Mobile cellular networks, including the fourth generation Long Term Evolution (LTE)  are neither designed with link budget requirements of M2M devices, nor optimized for M2M traffic pattern. The system design is optimized to maximize spectral efficiency and minimize latency. Thus mobiles transmit in short duration bursts at high power levels that maximize the total sector throughput. Mobile transmit power levels are primarily dictated by maximum transmit power limit of mobiles and out-of-cell interference considerations. Battery life is not a primary concern for communications since the dominant power consumption on human devices are driven by displays and complex application processing. Furthermore, users will recharge their devices as required.
Clearly, M2M communications impose new requirements on cellular networks that demand rethinking some of the design principles [13, 14]. First, for short transactions it may be advantageous to transmit payload in the random access request itself instead of establishing dedicated bearers . This depends on the size of the payload, the overheads involved and the level of base station loading. Second, the optimization criterion for resource allocation and transmit power levels is average transmit power or energy consumed to transmit a given payload. This is because for M2M devices battery life is an important concern, and communications consumes a significant fraction of the battery energy, especially if the devices have to transmit at elevated powers due to their adverse locations. Motivated by these differences, several modifications in the current communication protocols to reduce signaling overhead [16, 17, 15] and power consumption  have been proposed in the literature. Furthermore, the idea of cooperative design where several devices are clustered together with a possibility of a controller acting as a common link between a cellular base station and the devices is investigated, e.g., in [19, 20]. The problem of uplink scheduling of M2M devices in LTE networks is studied in , where it is shown that it is better not to form different classes of the devices in order to increase the maximum load that can be served at the base station. Despite these research efforts, there is little understanding of the fundamental tradeoffs in the parameter space of interest in M2M communications, especially from a power and energy optimal design perspective, which is the main focus of this paper.
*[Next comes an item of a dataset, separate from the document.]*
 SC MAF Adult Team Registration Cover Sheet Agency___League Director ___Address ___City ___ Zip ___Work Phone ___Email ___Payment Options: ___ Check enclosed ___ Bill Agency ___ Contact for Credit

Evaluate different multiple access strategies and identify the minimum power strategy. We study both uncoordinated and coordinated multiple access strategies in this paper. In uncoordinated strategies, the payload is carried in the very first message together with the control information such as the device identity and thus there are no dedicated resources allocated. We consider both FDMA and CDMA random access strategies. The transmit power, number of frequency channels in FDMA and spread factor in CDMA are adjusted based on the average load on the system, which is known at the devices by listening to downlink broadcast signaling from the base station. Interested readers can refer to  for a comparison of the two schemes from a throughput perspective. We then consider coordinated strategies in which the resources are explicitly scheduled to active devices. The base station determines the transmission time duration, bandwidth and power and indicates this to the devices. Here we consider successive interference cancellation (SIC), FDMA and time division multiple access (TDMA) strategies and focus on determining the optimal bandwidth/time and transmit power settings for minimizing the total power and/or energy consumed to transmit a fixed size payload. Comparison of the uncoordinated and coordinated strategies shows, not surprisingly, that the coordinated strategies outperform the uncoordinated strategies for heavy loading whereas the performance is comparable for light loads. Hence for low loads, an uncoordinated strategy may be preferred when taking into account downlink overhead required to inform the devices of the allocated resources.
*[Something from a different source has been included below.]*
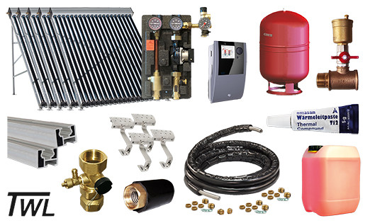 Im Solarpaket sind ein Montage-Set mit Dachhaken und Dachschienen, für den senkrechten Aufbau auf einem Ziegeldach, sowie die Steuerung, Solarstation und sonstige Bauteile enthalten. Die Bauteile im TWL-Solarpaket sind genau aufeinander abgestimmt und gewähren einen einwandfreien Betrieb. Mit dem Kollektoranschluss-Set lassen sich problemlos die Dachdurchführung, der Anschluss der Solarstation zum Pufferspeicher und zum Ausdehnungsgefäß erstellen.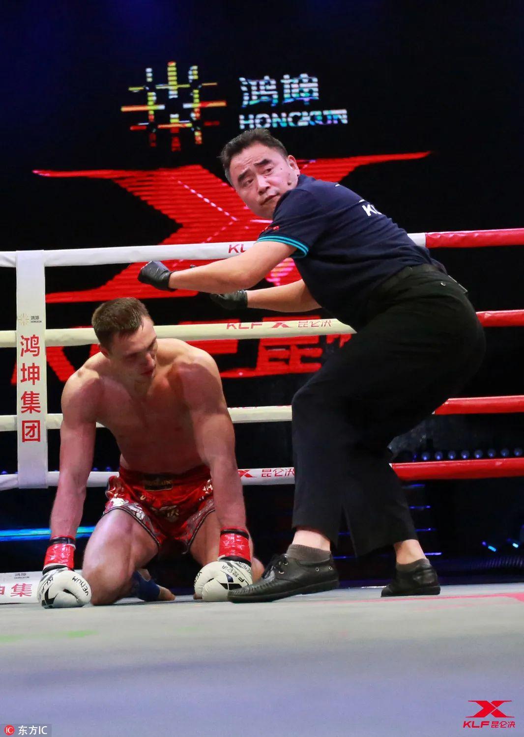 但安德雷从来也不是昆仑决擂台上的“善茬”,他身高2米,被誉为东欧第一猛男,在2016年获得昆仑决100KG➕世界冠军,收获了大批粉丝,实力不容小觑。而当比赛进入到第三回合,安德雷的顶膝也开始变得多了起来,而后更是利用连续的拳法进攻,将菲利普逼至角落,致使裁判读秒菲利普。

Bound the gap between optimal and equal-resource allocation in coordinated orthogonal transmission. Minimum energy and/or power scheduling over time or frequency is known to be a convex optimization problem and various efficient algorithms have been proposed in the literature [23, 24, 25]. We show that, in the cellular setting, it is possible to approximate the optimal resource allocation through simpler one-shot solutions, which leads to closed form expressions for the optimization parameters in certain special cases. Furthermore, we prove that in the parameter space of interest, somewhat surprisingly, simple equal-resource allocations perform within a very small factor of the optimal allocations both in terms of transmit power and energy per bit for both TDMA and FDMA. The bounding factor is derived in closed form for all the cases and is around for both FDMA sum-power and sum-energy and also for TDMA sum-energy. It is around for TDMA sum-power. This suggests that a simple equal resource allocation algorithm is sufficient to achieve near-optimal transmission in terms of both the power and energy minimization.
Asymptotically optimal strategies for coordinated transmission. Using the closed form bounds derived to bound the gap between the optimal and equal resource allocation, we further show that the FDMA equal resource allocation is both sum-power and sum-energy optimal over the space of FDMA strategies in the limit of asymptotically low spectral efficiency. Since the closed form bound is the same for TDMA energy optimal solution, the result extends in this case as well. Using these bounds and the closed form result derived for the sum-power required in SIC, we also prove that FDMA, including equal resource allocation strategy, is sum-power optimal over general resource allocation strategies (not necessarily orthogonal) in the limit of asymptotically low spectral efficiency.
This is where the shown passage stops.